How can culture and procurement influence sustainable outcomes?

The Sustainable Infrastructure Forum took place virtually on 20 April and focussed on how procurement and culture can influence sustainable outcomes.  With presentations from David Riley at Anglian Water and Mohammad Rickaby at Lower Thames Crossing and input from Ruth Carins G4C co-chair.

For many working on major infrastructure projects sustainability can seem too abstract.  It is difficult for people to see the impact of their individual actions on the whole.  Organisations are constantly changing across long-term projects, so culture and procurement have a critical role to play in ensuring sustainable outcomes are delivered.  Sustainability is more than a technical problem, there are many tools and techniques available to solve the technical challenges but how can you really drive sustainability?

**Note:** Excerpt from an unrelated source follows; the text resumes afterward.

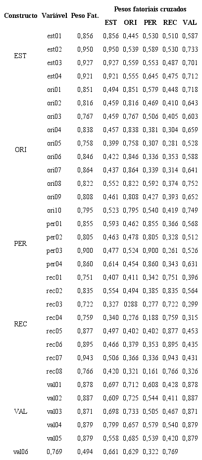 Todos os indicadores do modelo de medida são significativos, com os pesos fatoriais (0,722 até 0,950) superiores a 0,70 (Sarstedt, Ringle e Hair, 2017), o que demonstra fiabilidades individuais dos itens adequadas (Tabela 3). A validade convergente foi medida através da Variância Média Extraída (VME), da Fiabilidade Composta (FC) e do alfa de Cronbach. Todas as medidas demonstram a existência de validade convergente (Tabela 4), dado que todos os valores de FC, VME e alfa são superiores a 0,60, 0,50 e 0,80, respetivamente (Sarstedt et al., 2017). A validade discriminante foi avaliada por meio do critério de Fornell-Larcker (como citado em Wong (2016)), do rácio Heterotrait-Monotrait (HTMT) e da análise dos pesos fatoriais cruzados (Henseler, Ringle e Sarstedt, 2015). Todos os indicadores confirmam a existência de validade discriminante: a raiz quadrada da VME em qualquer uma das colunas relativas a cada um dos constructos é superior à correlação entre esse constructo e os restantes (Tabela 4); todos os rácios HTMT são inferiores a 1,0 (Tabela 5); todos os pesos fatoriais de uma variável associados a um constructo são superiores aos pesos fatoriais dessa variável com os outros constructos (Tabela 3). Uma análise complementar aos Fatores de Inflação da Variância (FIV) revela valores com variação de 1,0 a 2,8, inferiores ao valor de referência de 5 (Hair et al., 2017), pelo que a multicolinearidade entre as variáveis não constitui obstáculo aos testes estatísticos subsequentes.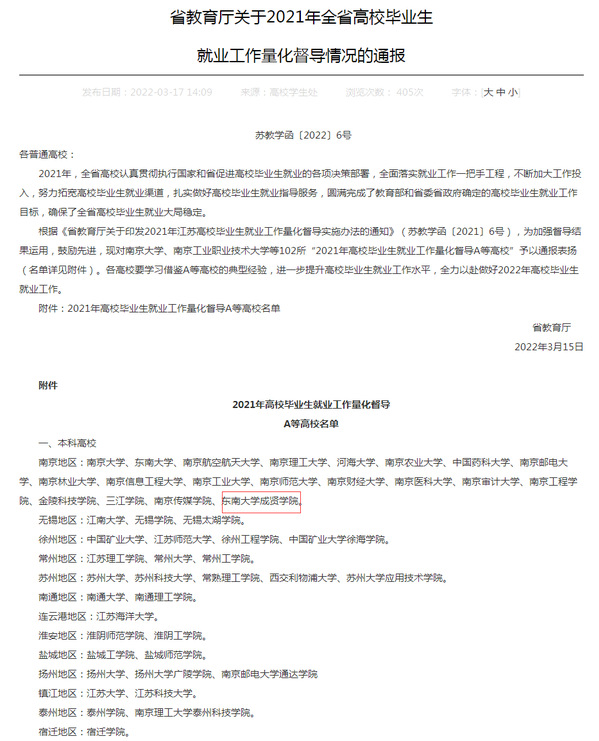 近日,江苏省教育厅发布《省教育厅关于2021年全省高校毕业生就业工作量化督导情况的通报》,云鼎国际4118welcome获评“2021年高校毕业生就业工作量化督导A等高校”。

Organisational purpose – At Anglian Water linking carbon neutrality to the organisational purpose has been critical in ensuring that sustainability was not overlooked.  Organisations need a north star to link sustainability to customers and long-term growth.  It will help solve the challenge of the emotional reasons why individuals should care.

Leadership – leadership is critical to drive rational behaviours that ensure sustainability is embedded throughout the project and its supply chain.  Strong leadership will drive the right processes, behaviours and cultures to drive sustainability into the DNA of the project.

Save Carbon Save Cost – At Anglian associating saving carbon and saving cost has been significant, particularly with regards to driving behavioural change across the organisation and accessing green finance initiatives.

Work with supply chain – Communicating effectively with supply chain partners and proving the concept in partnership with supply chain is very important.  This isn’t always easy – be prepared for robust and challenging conversations.

Go beyond compliance – Sustainability must be more than just a tick box exercise.  In much the same way as Health & Safety has been embedded in culture and behaviours.

Use Contract as a tool not a weapon – Contracts used correctly can be used to deliver more sustainable outcomes. Rather than use contracts to highlight negative behaviour, organisations should look at how contracts can be used to reinforce and drive good behaviour.

Consistency – Consistency in how organisations ask for information is critical to enable the supply chain to develop balanced solutions and respond effectively.  Initiatives such as the value framework that the Construction Innovation Hub and ACE are developing using the five capitals framework will very much help to drive this consistency.